Horace Henry Powers (May 29, 1835 – December 8, 1913) was an American lawyer, judge and politician. He was most notable for his service as an Associate Justice of the Vermont Supreme Court and a U.S. Representative from Vermont (1891-1901).

A native of Morristown, Vermont , Powers received bachelor's (1855) and master's (1858) degrees from the University of Vermont, studied law, and became an attorney in first in Hyde Park before later returning to Morristown. Powers became active in politics as a Republican, and served in the Vermont House of Representatives (1858-1859), as  State's Attorney of Lamoille County, Vermont (1861-1862), and the Vermont Senate (1872-1874). Powers returned to the Vermont House in 1874 and was elected to serve as Speaker of the House, but he resigned in order to accept appointment as an associate justice of the Vermont Supreme Court, where he served from 1874 to 1890.

In 1890, Powers was elected to the United States House of Representatives. He was reelected four times and served from March 4, 1891 to March 3, 1901. During his final three terms, Powers was chairman of the Committee on Pacific Railroads. He was an unsuccessful candidate for renomination in 1900, and resumed practicing law in Morristown.

Powers died in Morristown on December 8, 1913. He was buried at Pleasant View Cemetery in Morristown.

Early life
Powers was born in Morristown, Vermont to Dr. Horace Powers and Love E. Gilman Powers. He graduated from People's Academy, and received a bachelor's degree from the University of Vermont in 1855, where he was initiated into Delta Psi. He earned his master's degree from UVM in 1858. Powers studied law, was admitted to the bar in 1858, and practiced first in Hyde Park, and later in Morristown.

Start of career
He served as a member of the Vermont House of Representatives in 1858. Powers was the Lamoille County State's Attorney in 1861 and 1862.  He served as a member of the council of censors in 1869, and was a member of the State constitutional convention in 1870.

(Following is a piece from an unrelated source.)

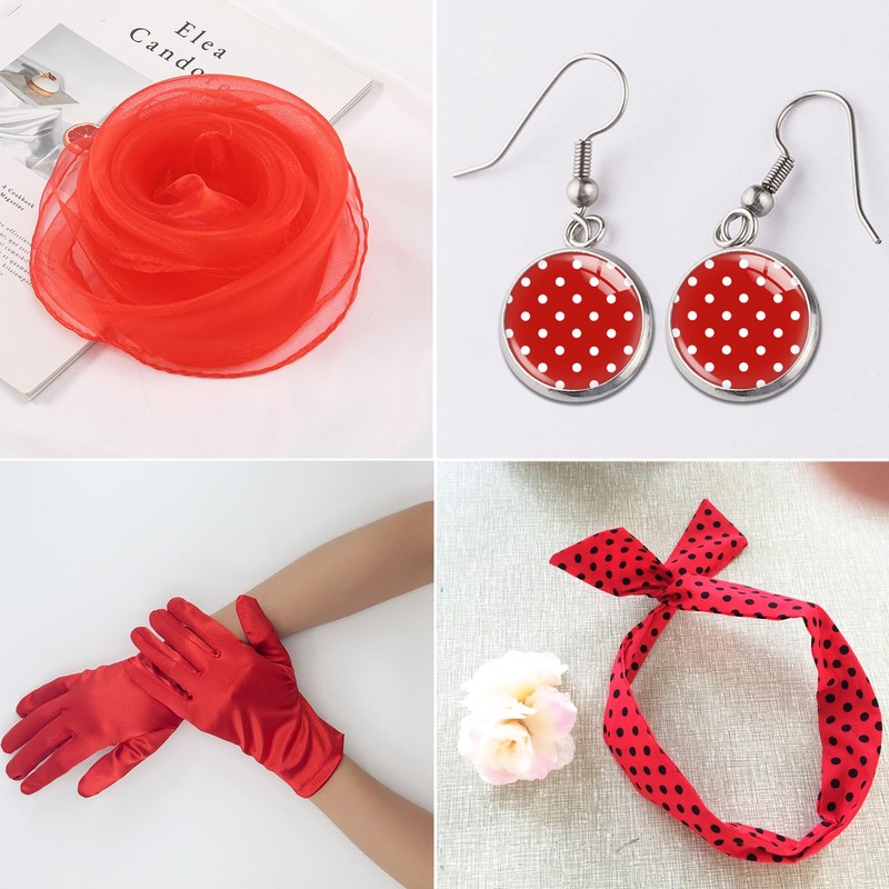 - [50s costume accessories]: Experience the classic 50s trend by buying all the accessories at once! We offer you a complete 50s costume: 1 pair of red gloves, 1 red bandana, 1 pair of sunglasses, 1 polka dot headband, 1 pair of polka dot earrings and stud earrings that will take you back to the 50s in no time at all and show you the perfect combination of classic and fashion!

Powers served in the Vermont State Senate in 1872 and 1873.  In 1874, he was again a member of the Vermont House and served as Speaker.

Powers served as an associate justice of the Vermont Supreme Court from December 1874 to December 1890. He was a trustee of the University of Vermont from 1883 until his death in 1913.

He was a member of the Lamoille County Bank board of directors from 1888 until his death.

U.S. Congressman
Powers was elected as a Republican to the Fifty-second United States Congress and to the four succeeding Congresses, serving from March 4, 1891 until March 3, 1901. He served as chairman of the Committee on Pacific Railroads from the Fifty-fourth through Fifty-sixth Congresses. Powers was a delegate to the 1892 Republican National Convention.

In 1896, Powers sponsored a controversial bill that would have allowed the Central Pacific Railroad to obtain a 75-year delay paying off a 30-year-old debt to the government. The bill inspired a campaign of opposition led by publisher William Randolph Hearst and his employees, journalists Ambrose Bierce and Frank Norris.  In one article about the Powers Bill, Bierce memorably wrote that while the handsome Powers might not be qualified to serve as chairman of the Pacific Railroads committee, he was certainly qualified to head the "Committee on Visible Virtues."  In January, 1897 the Powers Bill was defeated 168 to 102.

Powers was an unsuccessful candidate for renomination in 1900. After leaving Congress, he resumed the practice of law in Morrisville, Vermont, and was chief counsel for the Rutland Railroad.

Personal life
Powers married Caroline Waterman on October 11, 1858. They had two children, Carrie L. Powers and George M. Powers. George M. Powers also served as the prosecuting attorney of Lamoille County, Vermont, and an associate justice of the Vermont Supreme Court. George Powers was the husband of Gertrude Francis Woodbury, whose father was Governor Urban A. Woodbury.

Death and legacy
Powers died in Morristown on December 8, 1913. He was interred at Pleasant View Cemetery in Morristown.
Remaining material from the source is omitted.